- [EXERCISE REQUIREMENTS] Apart from the pictures, every line below needs to be reproduced verbatim.

- [INFORMATION PROVIDED]
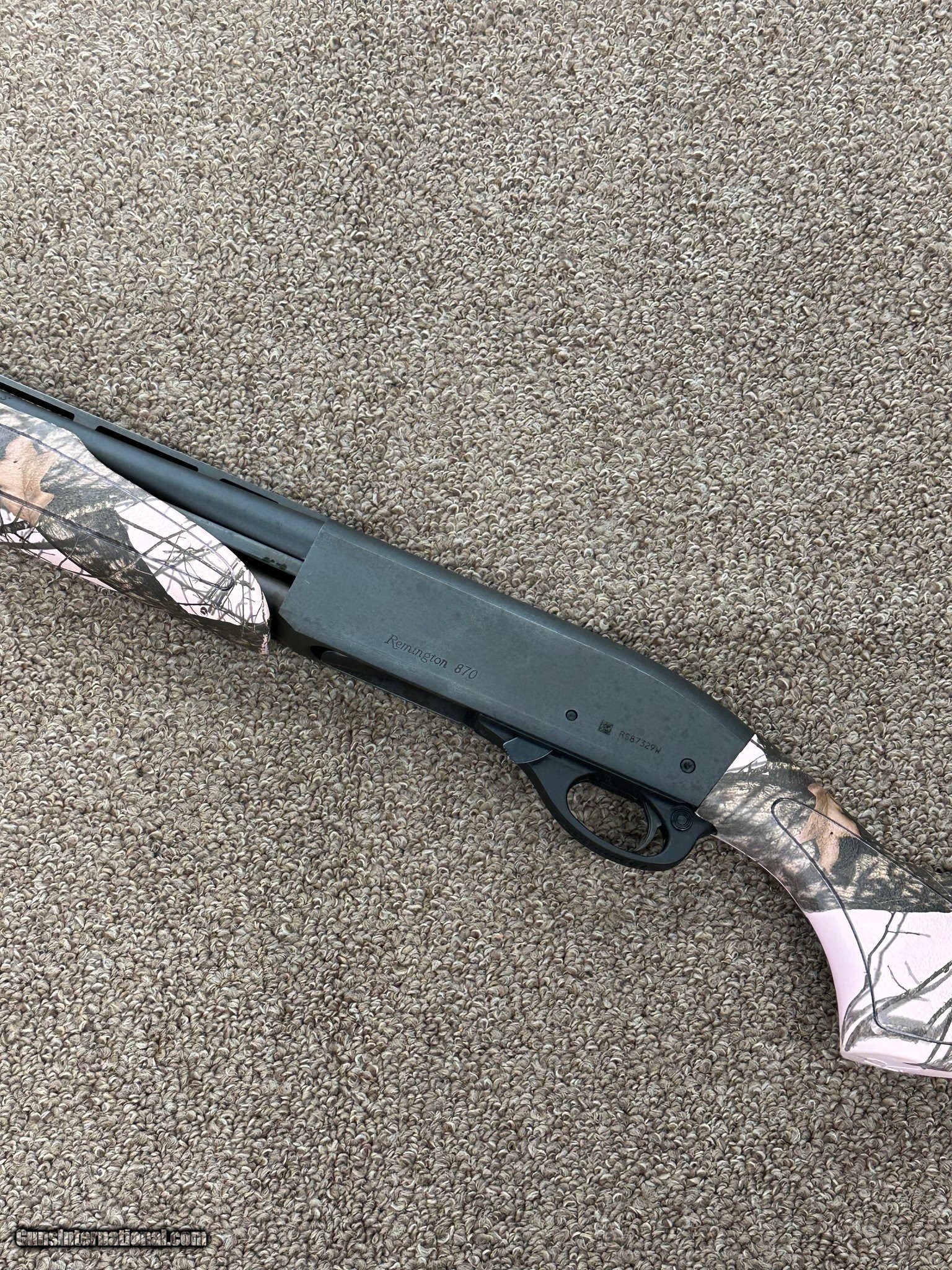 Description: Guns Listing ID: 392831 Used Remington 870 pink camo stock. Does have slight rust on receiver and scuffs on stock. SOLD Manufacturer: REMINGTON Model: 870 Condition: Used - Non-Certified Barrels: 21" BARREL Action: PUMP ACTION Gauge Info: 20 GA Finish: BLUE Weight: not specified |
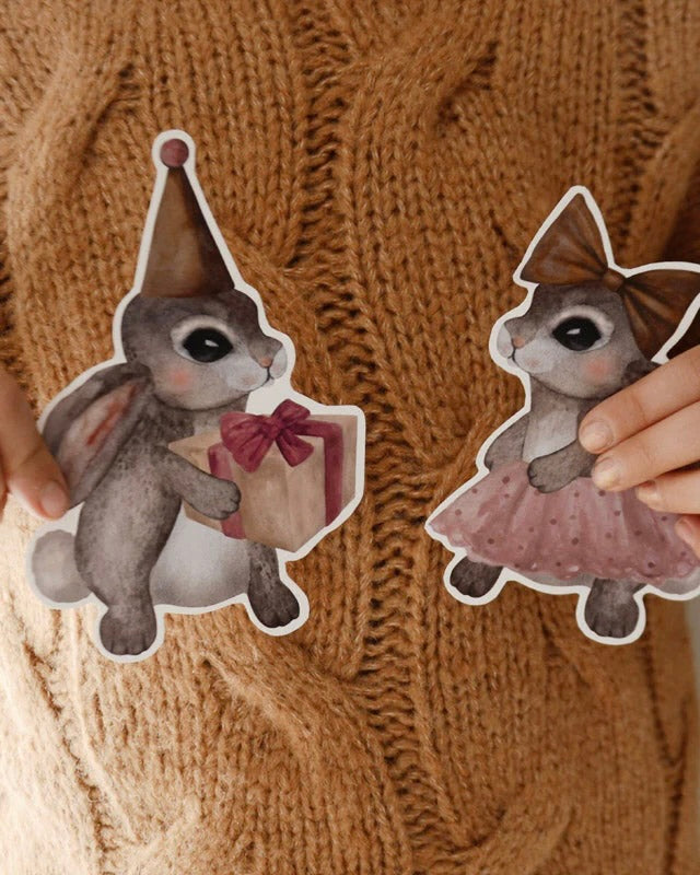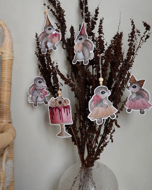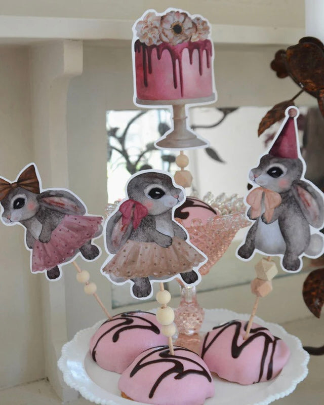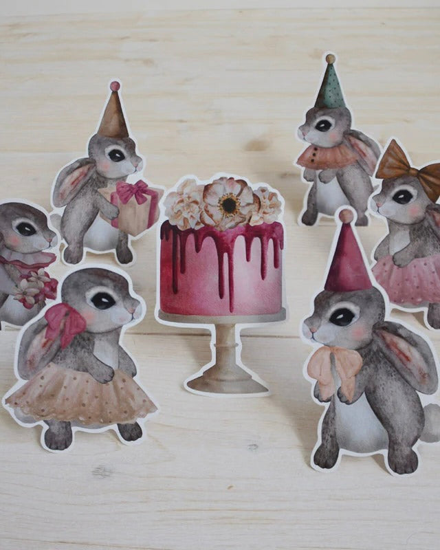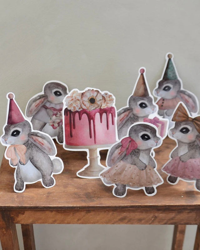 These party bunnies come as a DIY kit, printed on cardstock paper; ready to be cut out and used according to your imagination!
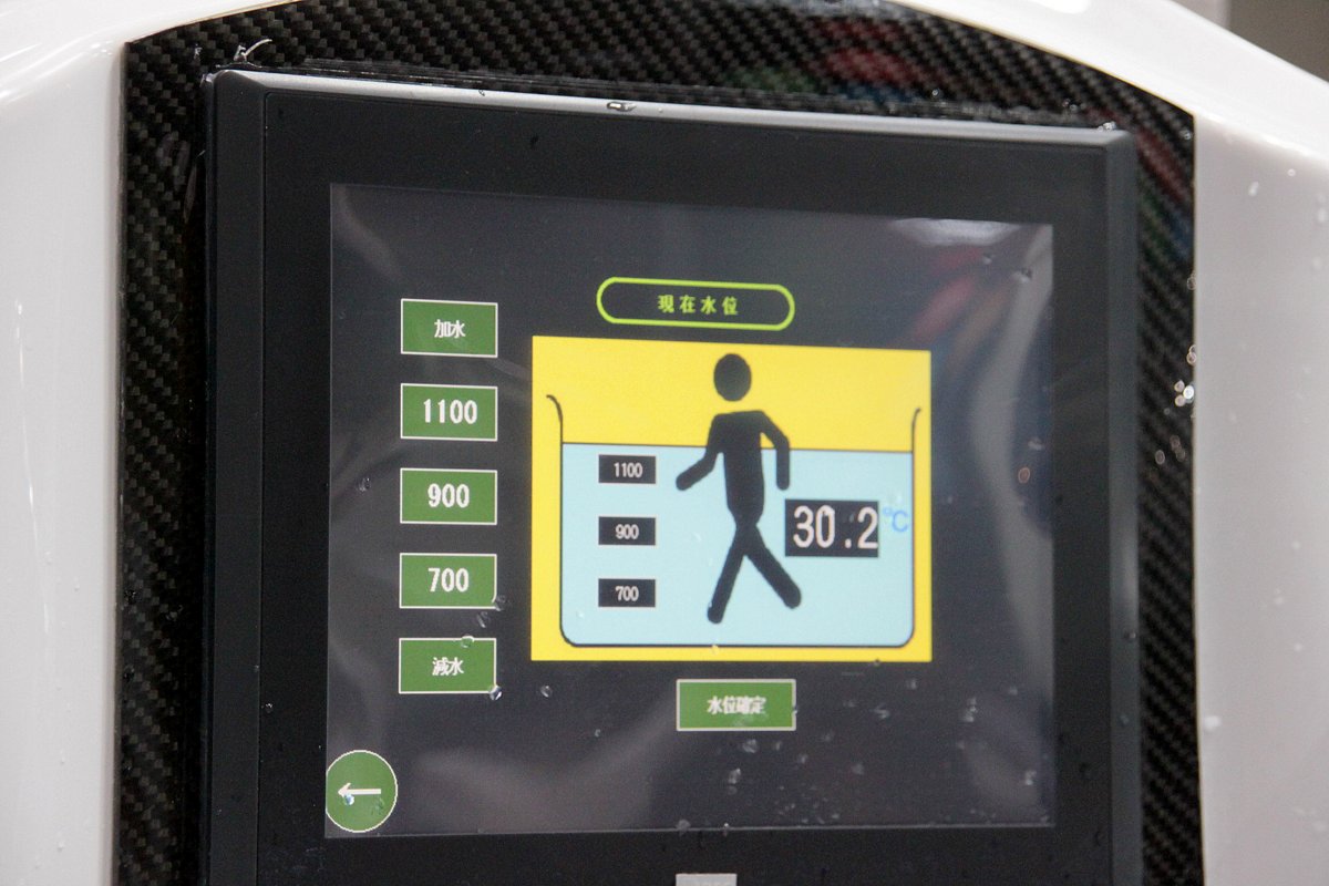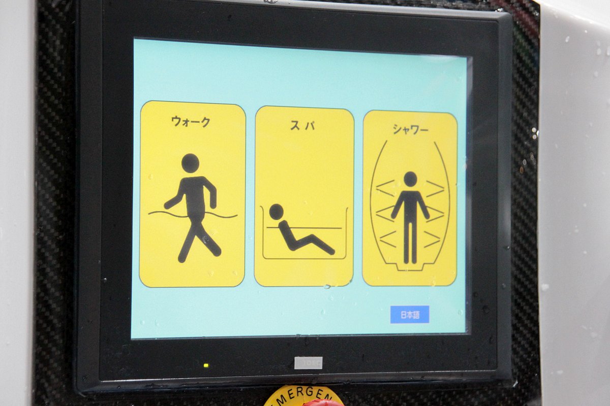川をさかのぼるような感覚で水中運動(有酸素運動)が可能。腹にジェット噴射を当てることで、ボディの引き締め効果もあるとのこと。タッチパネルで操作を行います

- [WRITTEN RESPONSE]
 Description: Guns Listing ID: 392831 Used Remington 870 pink camo stock. Does have slight rust on receiver and scuffs on stock. SOLD Manufacturer: REMINGTON Model: 870 Condition: Used - Non-Certified Barrels: 21" BARREL Action: PUMP ACTION Gauge Info: 20 GA Finish: BLUE Weight: not specified |
 These party bunnies come as a DIY kit, printed on cardstock paper; ready to be cut out and used according to your imagination!
川をさかのぼるような感覚で水中運動(有酸素運動)が可能。腹にジェット噴射を当てることで、ボディの引き締め効果もあるとのこと。タッチパネルで操作を行います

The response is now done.